When a FERS or CSRS disability retirement application has made its way in the “process” to the “Third Stage” — the Merit Systems Protection Board — then I (as an attorney) must be unequivocal in my recommendation:  You need an attorney.  I believe that individuals who file for Federal Disability Retirement benefits should retain a competent attorney at every stage of the process, but there are always considerations of financial ability, and perhaps other considerations, which prevent someone from hiring an attorney at the initial stages of the process.

At the MSPB level, however, it is important for two (2) reasons (there are many, many other reasons as well, but for brevity’s sake, I choose the main reasons):  1.  It is extremely important to prove by a preponderance of the evidence that you meet the eligibility requirements, to an Administrative Judge, who is both a lawyer and a Judge, and therefore has the knowledge and background to make a reasoned assessment of the evidence presented, and 2.  You must be able to present the case in such a way that, if the Administrative Judge makes an error in his or her decision, you are prepared to appeal the case to the next level.

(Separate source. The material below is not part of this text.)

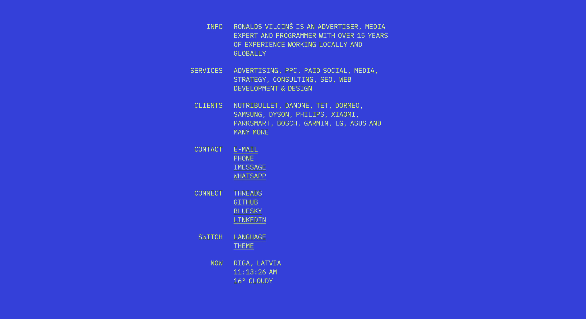 About Ronalds Vilciņš is an advertiser, media expert and programmer with over 15 years of experience working locally and globally.

In order to be able to appeal the case to the next level, you must know the law, be able to present your evidence at the MSPB in accordance with the law, and therefore be able to argue that a decision rendered against you is in violation of the law.  In order to do this, you need an Attorney.

Sincerely,

Robert R. McGill, Esquire

Federal OPM Disability Retirement: Be Discerning

In many ways, there is too much information “out there” about anything and everything.  The area of Federal Disability Retirement Law under FERS & CSRS is no different (and, admittedly, the irony is that I may be adding to the compendium of information with my incessant blogs, articles, reflections, etc.).

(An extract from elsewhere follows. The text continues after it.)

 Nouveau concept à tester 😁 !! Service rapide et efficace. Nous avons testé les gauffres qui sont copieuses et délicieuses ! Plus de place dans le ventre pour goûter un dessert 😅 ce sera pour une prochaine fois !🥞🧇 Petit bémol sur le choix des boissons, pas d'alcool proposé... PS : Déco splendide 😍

The real problem, however, is not necessarily the quantity of information, but rather the quality — and for Federal and Postal employees who are attempting to understand all of the issues surrounding Federal Disability Retirement, it is often difficult to categorize and separate and distinguish between “good” information and “bad” information.

For instance, there is the local/district Human Resources personnel for an employee’s Agency.  Agency H.R. offices are made up of “people” — both good and bad, both competent and incompetent; both helpful and downright ornery.  Then, there is the Office of Personnel Management.  There are multiple internet sites, blogs, a plethora of lawyers (though, there are not that many lawyers who are versed in the area of Federal Disability Law).

The bottom-line issue is not one of “quantity” of information, but how to discern between “good” information and “bad” information.  Too often, a person will call me and tell me that “so-and-so told me that X occurs when you file for Federal Disability Retirement — is that true?”

My response is of a standard nature:  I do not sit and argue or contradict some third person whom I have never met, and against a statement which may have been taken out of context.  Instead, I ask my caller, potential clients, and anyone and everyone who reads my writings, to look at the substance of what I write and say; review the consistency of what I have written, and make your own judgment:  Discern well by checking out the facts, and seeing if what others have said about me, or what I have said, rings true.  Be discerning.